Cache coherence (https://github.com/DynamoRIO/dynamorio/issues/1726)
Multi-process online application simulation on Windows (https://github.com/DynamoRIO/dynamorio/issues/1727)
Arbitrary cache hierarchy support via an input config file (https://github.com/DynamoRIO/dynamorio/issues/1715)
Offline traces do not currently accurately record instruction fetches in dynamically generated code (https://github.com/DynamoRIO/dynamorio/issues/2062). All data references are included, but instruction fetches may be skipped. This problem is limited to offline traces.
Application phase marking is not yet implemented (https://github.com/DynamoRIO/dynamorio/issues/2478).

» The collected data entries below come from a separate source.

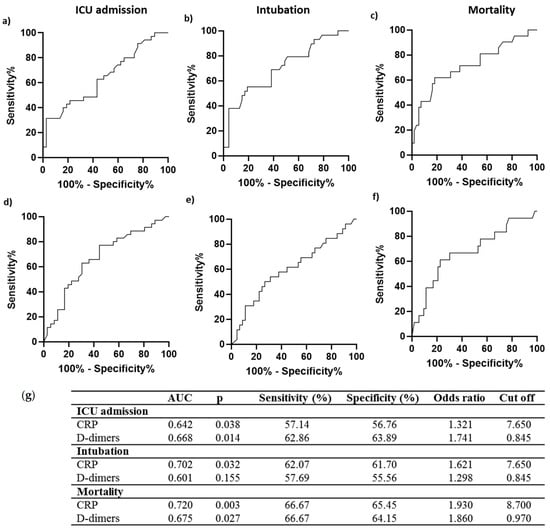 Prediction of ICU admission, intubation and mortality by C-reactive protein and D-dimers. Receiver operating characteristic (ROC) curves of C-reactive protein for prediction of need for intensive care (a) intubation (b) and mortality (c) and D-dimer levels (d–f). The corresponding areas under the curve (AUC), p, sensitivity and specificity, odd ratio, and cut-off values are represented in (g).
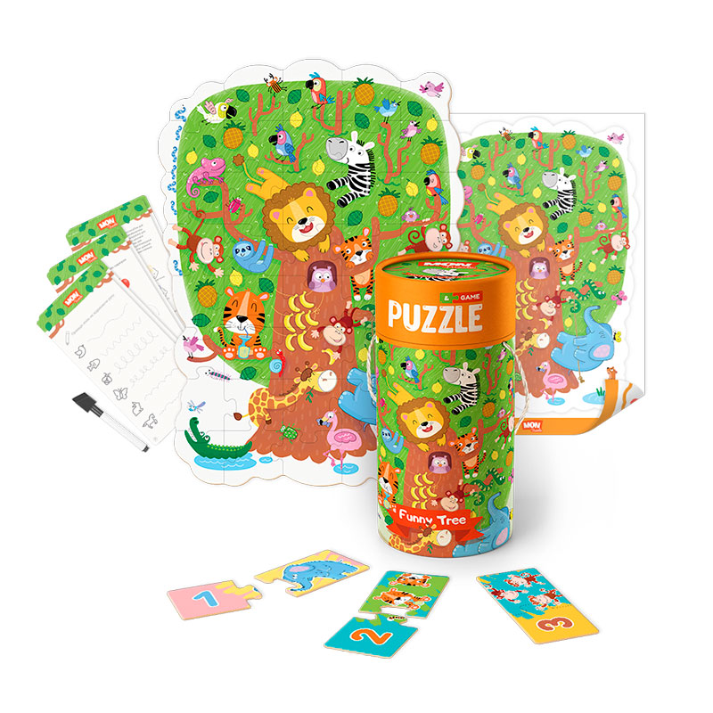 Пазл та гра Чарівне дерево - є ідеальним способом для дітлахів не лише вивчити цифри, а й познайомитися з назвами тварин, фруктів та овочів. Рекомендовано для дітей від 3 років. Деталі пазла великі, картон щільний, елементи із закругленими кутами для безпеки малюка. Комплектація: двосторонній пазл - 1 шт., двосторонній постер - 1 шт., пазли міні - 10 шт., маркер для стирання - 1 шт., картки із завданнями - 6 шт.
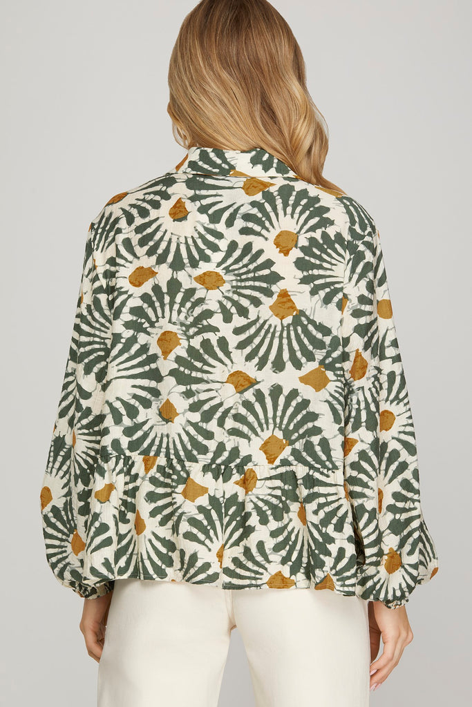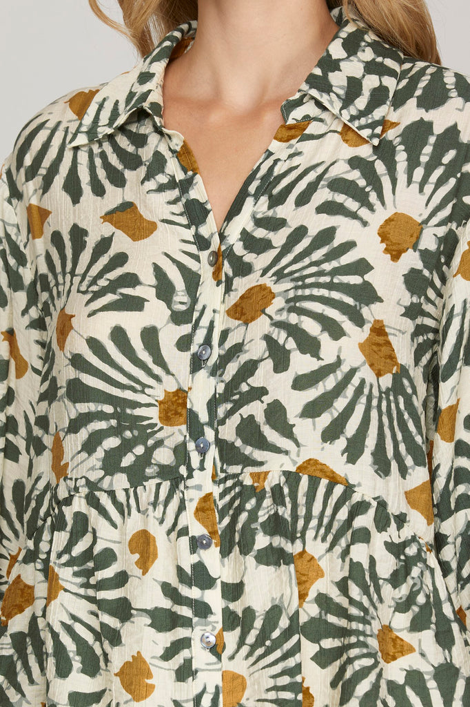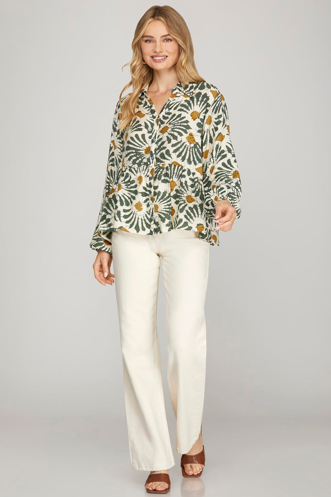MAIZEY LONG SLEEVE BUTTON DOWN COLLARED TOP IN OLIVE
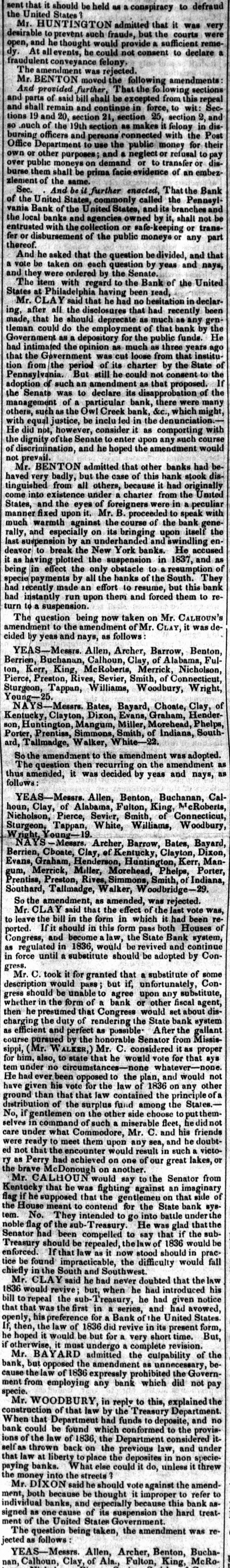 YEAS-Messrs. Allen, Benton, Buchanan, Calhoun, Clay, of Alabama, Fulton, King, McRoberts, Nicholson, Pierce, Sevier, Smith, of Connecticut, Sturgeon, Tappan, White, Williams, Woodbury, Wright, Young-19.
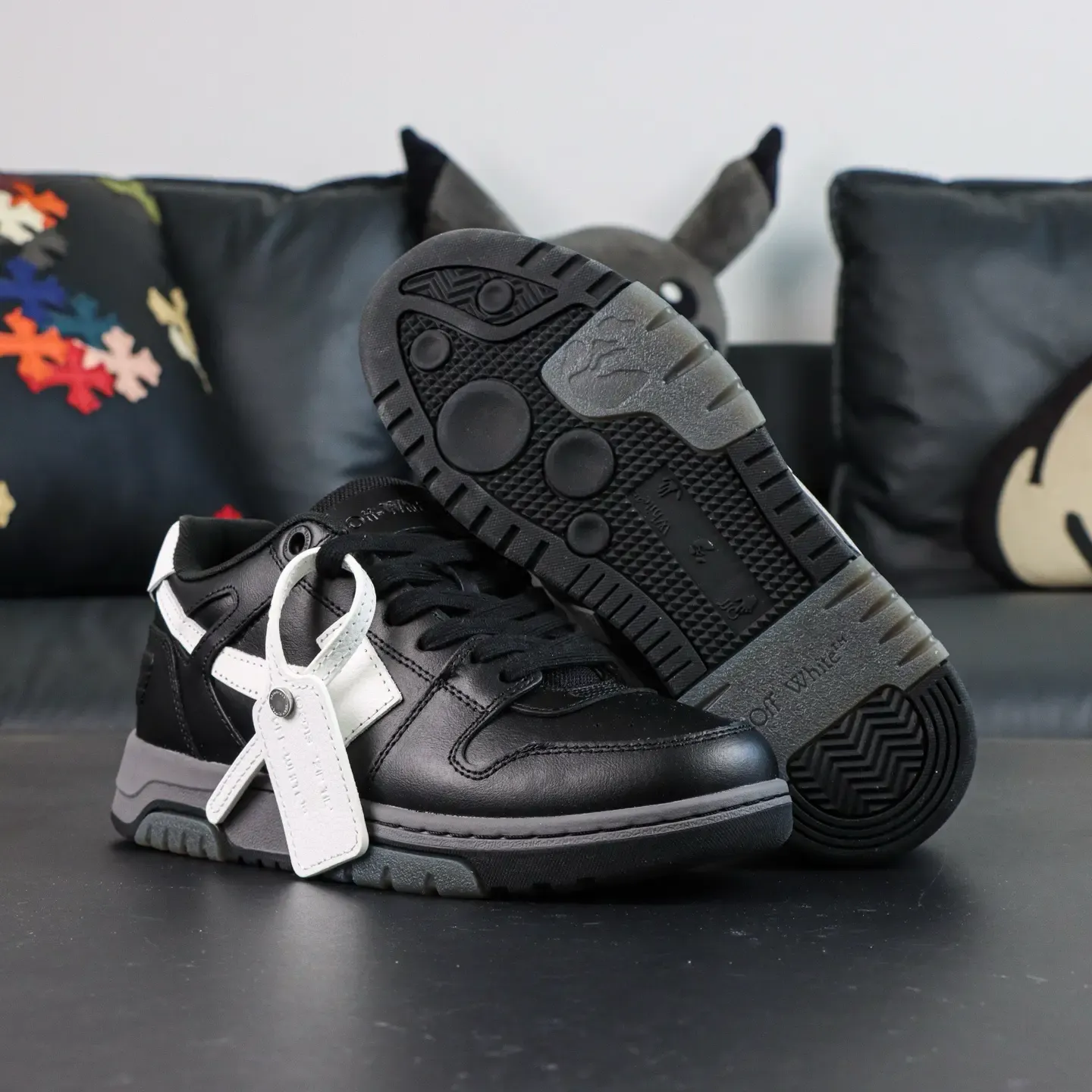 OFF-WHITE Out Of Office Casual Leather Sneakers Black and White

Comparison to Other Simulators

drcachesim is one of the few simulators to support multiple processes. This feature requires an out-of-process simulator and inter-process communication. A single-process design would incur less overhead. Thus, we expect drcachesim to pay for its multi-process support with potentially unfavorable performance versus single-process simulators.

When comparing cache hits, misses, and miss rates across simulators, the details can vary substantially. For example, some other simulators (such as cachegrind) do not split memory references that cross cache lines into multiple hits or misses, while drcachesim does split them. Instructions that reference multiple memory words on the same cache line (such as ldm on ARM) are considered to be single accesses by drcachesim, while other simulators (such as cachegrind) may split the accesses into separate pieces. A final example involves string loop instructions on x86. drcachesim considers only the first iteration to involve an instruction fetch (presenting subsequent iterations as a "non-fetched instruction" which the simulator ignores: the basic_counts tool does show these as a separate statistics), while other simulators (incorrectly) issue a fetch to the instruction cache on every iteration of the string loop.